**WHAT YOU NEED TO DO**
In the records below, find the line that holds "The image shows". Restate it and every later line exactly, stopping at the end and skipping pictures.

**INPUT RECORDS**
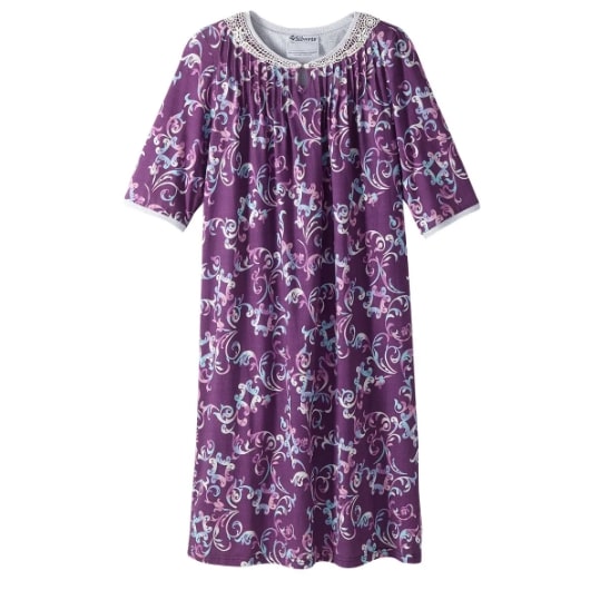 Nightgown Women’s Assisted Dressing Knit Open Back Lace Trimmed Soft Scroll Design
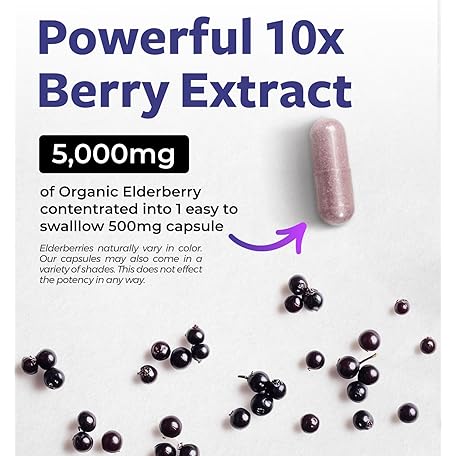 Thông tin sản phẩm Organic Elderberry Capsules - 10:1 Extract Equals 5,000mg of Fresh Elderberries (Vegan) for Immune Support, Allergy, Sinus Relief - Sambucus Nigra - Black Elderberry - 30 Caps (No Pills or Gummies)
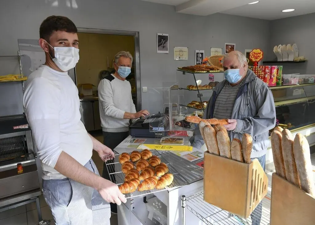Mézières-sur-Ponthouin, mercredi 17 mars 2021. Tandis que Julien Grosselle fabrique pains, viennoiseries et pâtisseries, ce jour-là , c’est Joël Hubert, bénévole de l’association Pour la sauvegarde des commerces macériens (PSCM), qui sert les clients. © Le Maine Libre – Yvon LOUÉ
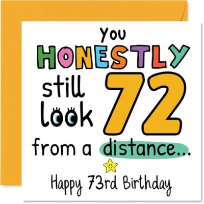 MAKE THEM SMILE WITH THIS UNIQUE BIRTHDAY CARD: This exceptional quality birthday card for him or her shows the design 'You Honestly still look 72 from a distance Happy 73rd Birthday'. If you are looking for special birthday greetings cards for Men birthday card then then this happy birthday card is bound to make them smile. Not just for birthday gifts for Men this could also be for Grandad, Uncle, Wife, Grandma, Nanny, Cousin, Dad or Nan. WHAT DO YOU GET: The card is printed on one side and BLANK ON THE INSIDE to allow you to write your very own message. The unique fun design is printed on a specially sourced and environmentally responsible board. At 360 microns thick the natural white one-sided gloss board has a quality look and feel. Supplied with a coloured gummed envelope to complement the design and ready to be sealed and sent in the post. Great Grandad birthday cards, Uncle birthday card. NO INK SMUDGES: There is nothing worse than writing inside a card to find that the shiny surface makes the ink smudge. This is why we use a high quality one sided coated board. The uncoated side will absorb more of the ink from your pen to make smudging a thing of the past. 73rd Birthday card for Wife, 73rd Birthday card for Grandma, 73rd Birthday card for Nanny. SIZES: Greeting Card = 145mm x 145mm, Envelope = 155mm x 155mm, Card Thickness = 360 micron. Cousin 73rd birthday card, birthday cards for Dad, special birthday cards for Nan, 73rd birthday card Grandad, Uncle 73rd birthday card. MADE AND QUALITY CHECKED IN THE UK: We print and manufacture all our products right here in the UK so you can be sure of a fast turnaround and a product that is expertly made. Using environmentally responsible premium board our card is conscious of the responsible management of the world's forests - perfect birthday cards for Men, fun birthday cards for him, Uncle 73rd birthday cards, female birthday cards.
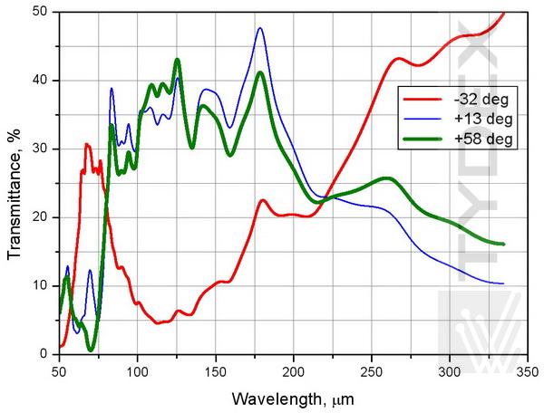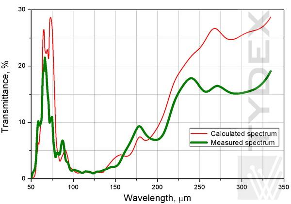1. TWPC作为半波单色板,适用于80-160μm范围内的任何波长。TWPC作为120 μm半波片进行了测试。图1显示了使用平行偏振器计算和测量的TWPC透射光谱的比较。在120 μm处几乎为零的透射率证实了在所选波长处的适当偏振转换。
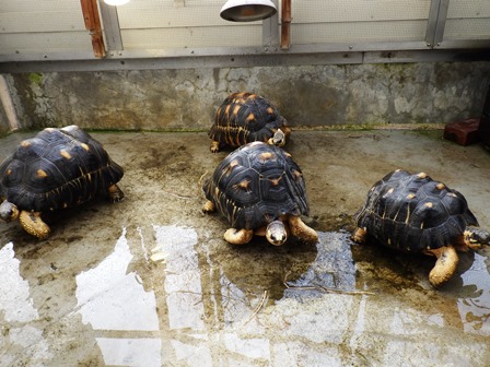 さて、爬虫類館のマダガスカル産リクガメたちにとって、3月は雨季の始まりであります。3か月間水まきをせず、カラカラに乾いた彼らの飼育施設に、暖かい日を選んで少しずつ水をまいていきます。こちらはホウシャガメ。
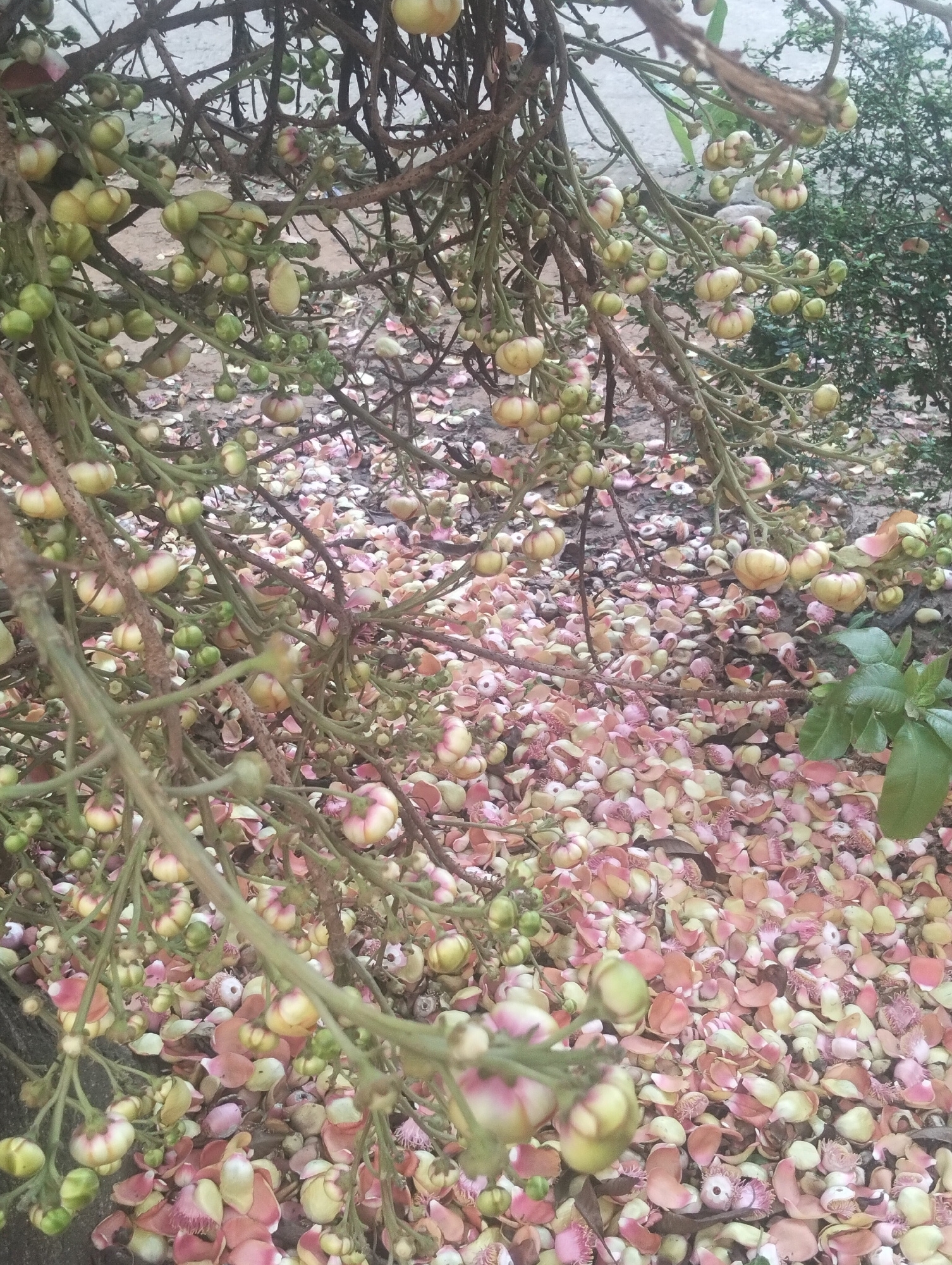 The image shows a close-up view of a cannonball tree (Couroupita guianensis) in bloom, likely located in Dhaka, Bangladesh. The tree's branches are laden with spherical, green and light yellow fruit-l…read more
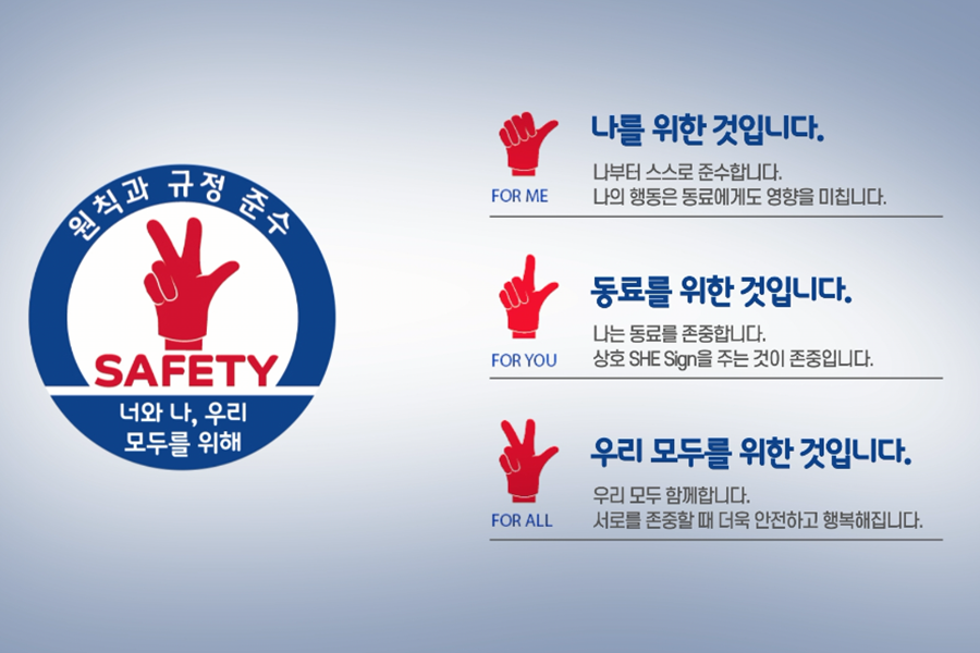 ‘Be faithful to rules’ 캠페인은 공장 내에서의 보행, 운전 등 이동 시 안전을 강조하는데요. 이동 시 휴대전화 사용을 금지하고, 공장 단지 내에서 저속 운전하는 등의 기본적인 규칙을 확실히 지키도록 권유하고 있습니다. 얼핏 들으면 사소한 일처럼 보이지만, 이런 간단한 규칙을 지킴으로써 공장을 안전하게 가동할 수 있는 것 아닐까요?

**TASK RESULT**
 The image shows a close-up view of a cannonball tree (Couroupita guianensis) in bloom, likely located in Dhaka, Bangladesh. The tree's branches are laden with spherical, green and light yellow fruit-l…read more
 ‘Be faithful to rules’ 캠페인은 공장 내에서의 보행, 운전 등 이동 시 안전을 강조하는데요. 이동 시 휴대전화 사용을 금지하고, 공장 단지 내에서 저속 운전하는 등의 기본적인 규칙을 확실히 지키도록 권유하고 있습니다. 얼핏 들으면 사소한 일처럼 보이지만, 이런 간단한 규칙을 지킴으로써 공장을 안전하게 가동할 수 있는 것 아닐까요?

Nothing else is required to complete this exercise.